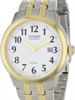 Citizen BM7094-50A wrist watch. Stainless steel case and bracelet with gold plated accents. White textured dial with date and Arabic numerals.
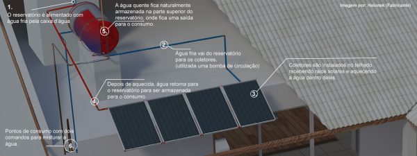 1 – Sistema Acoplado: É um sistema mais compacto, voltado a atender 1 a 2 pessoas. Contém um reservatório térmico pequeno e um coletor, e uma caixa de água pequena acoplada para quebrar a pressão da água da rua.
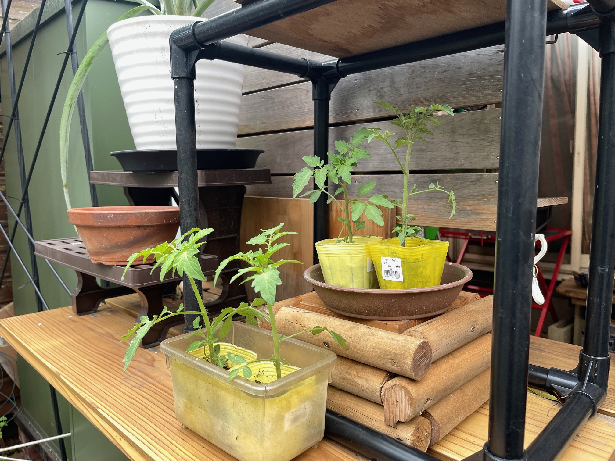 昨日、ホームセンターに用事が有って園芸コーナーを見てみたら黄色ミニトマトの苗が1個98円で売っていましたので4個購入。

▸ What you have to do
Copy out the data verbatim, with no pictures.

▸ Exercise solution
 Citizen BM7094-50A wrist watch. Stainless steel case and bracelet with gold plated accents. White textured dial with date and Arabic numerals.
 1 – Sistema Acoplado: É um sistema mais compacto, voltado a atender 1 a 2 pessoas. Contém um reservatório térmico pequeno e um coletor, e uma caixa de água pequena acoplada para quebrar a pressão da água da rua.
 昨日、ホームセンターに用事が有って園芸コーナーを見てみたら黄色ミニトマトの苗が1個98円で売っていましたので4個購入。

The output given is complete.